In following sample, I have a class to built a simple TCPServer. After server creation time, when a new tcpclient arrives, within "ConnectAction" function I need to access "devName" variable to find which server instance is concerned. As a result "DevName" cannot be global and needs to be specific to current instantiation of my TCPServer object.
------ Extract from my code --------
// TCPserver Object Class
TcpServer = function (devName, port) {
// event handler executed each time a new TCP client connect to the server
ConnectAction = function (socket) {
// for ech new client we create a new device and store it within server object
device = new TCPClient (devName, socket);
};
this.server = net.createServer(ConnectAction);
this.server.listen(port);
return this;
}
Server1 = new TcpServer ("My First Server", 8080):
Server2 = new TcpServer ("My Second Server", 8081):
In other script languages that I used in the past, it was possible to add an extra argument to event handlers.

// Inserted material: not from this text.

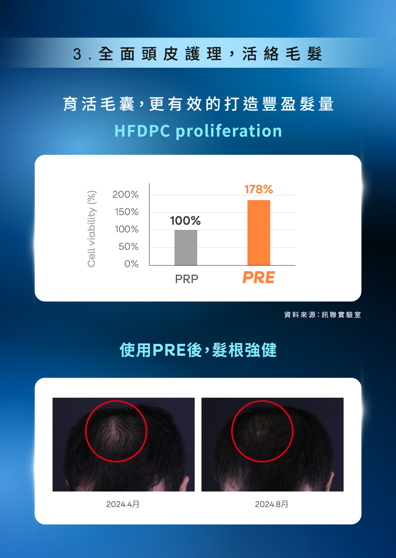 pre 發佈留言 / 最新消息 / 作者: timebeauty 台灣再生醫學大廠訊聯帶領 PRP升級至嶄新時代,推出PRE,為傳統PRP升級版,其自體來源,產品無任何添加物,嚴格把關安全性。 PRE能免疫調節、調理肌膚、強健髮根。 PRE是一項利用自體血液製作的外泌體療程。在我們當代美學診所中,由護理師抽取約 150cc 的血液,送至訊聯公司進行專業培養,製作出專屬於自己的外泌體。相比市售外泌體產品(每瓶約含 300 億~1,000 億顆),自體製程的外泌體可高達每瓶 1 兆顆,顆粒數大幅提升,效果自然更顯著。 PRE優勢 高相容性:因為來自自身血液,幾乎不會有過敏風險高濃度:每瓶高達 1 兆顆外泌體,遠超業界一般規格高效率:具備組織再生、修復功能,療效更明確一次抽血,製作 12 瓶,可依需求分區使用臉部保養:適合膚質敏感、希望改善老化、提升彈性者頭皮療程:適合頭皮敏感、生髮育髮需求者 PRE製作過程 適合對象 免疫功能失衡、生活壓力大者。想改善膚質,實現肌膚年輕化的您。有頭皮問題或掉髮困擾的顧客,期待重現健康髮量。 Q1. PRE與PRP差異 項目PRP 生髮療程PRE 生髮療程全名Platelet-Rich Plasma(高濃度血小板血漿)Protein-Rich Exosome (高濃度血小板血漿+外泌體)成分來源抽取自體血液 → 離心後取出富含血小板的血漿PRP + 自身外泌體作用機制血小板中的生長因子促進毛囊修復與血液循環在 PRP 基礎上強化毛囊再生與抗老化效果濃度與效力標準濃度血小板含強化生長因子,濃度更高建議療程次數每3-4週1次,共 3~6 次為一個療程每3-4週1次,共 3~6 次為一個療程適合對象初期掉髮、產後落髮、髮質變細者想強化效果、過往 PRP 效果不顯著者價格較平價,一次約 NT$9,000~15,000較高,一次約 NT$15,000~25,000恢復期1~2 天,幾乎不影響作息1~2 天,幾乎不影響作息 Q2. PRE用於生髮療程 PRE 是一種在 PRP(高濃度血小板血漿)基礎上再進一步升級的療程,它會先從自體血液中抽取出血小板,與自己的外泌體因子,讓整體活性成分濃度更高,更能有效活化毛囊、延長毛髮生長期。這種療程需要抽血與注射,因此過程中會有些微的不適,但相對也更適合掉髮比較明顯、有家族性雄性禿,或是曾經做過一般PRP但效果不夠顯著的人。 Q3. PRE生髮會痛嗎? 簡單來說,會有一些不適感,但大多數人都可以接受,而且診所通常會搭配適當的舒緩處置,大幅降低疼痛程度。療程後有些人在療程結束的1~3天仍會感到些許的脹痛,需保持頭皮清潔,並透過服用口服止痛藥,以及在施打的部位塗擦藥膏,改善療程結束後的疼痛狀況。

But in NODE.JS something like server=net.createServer(ConnectAction SomeExtraHandler); does not work.
The only bypass I find is to leverage arguments passed at object construction time. When the event handler code is embedded within the object border as in this example; then while even handlers are called outside of TCPserver object context "this not defined", handlers can still leverage parameters that where passed at object creation time. In this case "devName".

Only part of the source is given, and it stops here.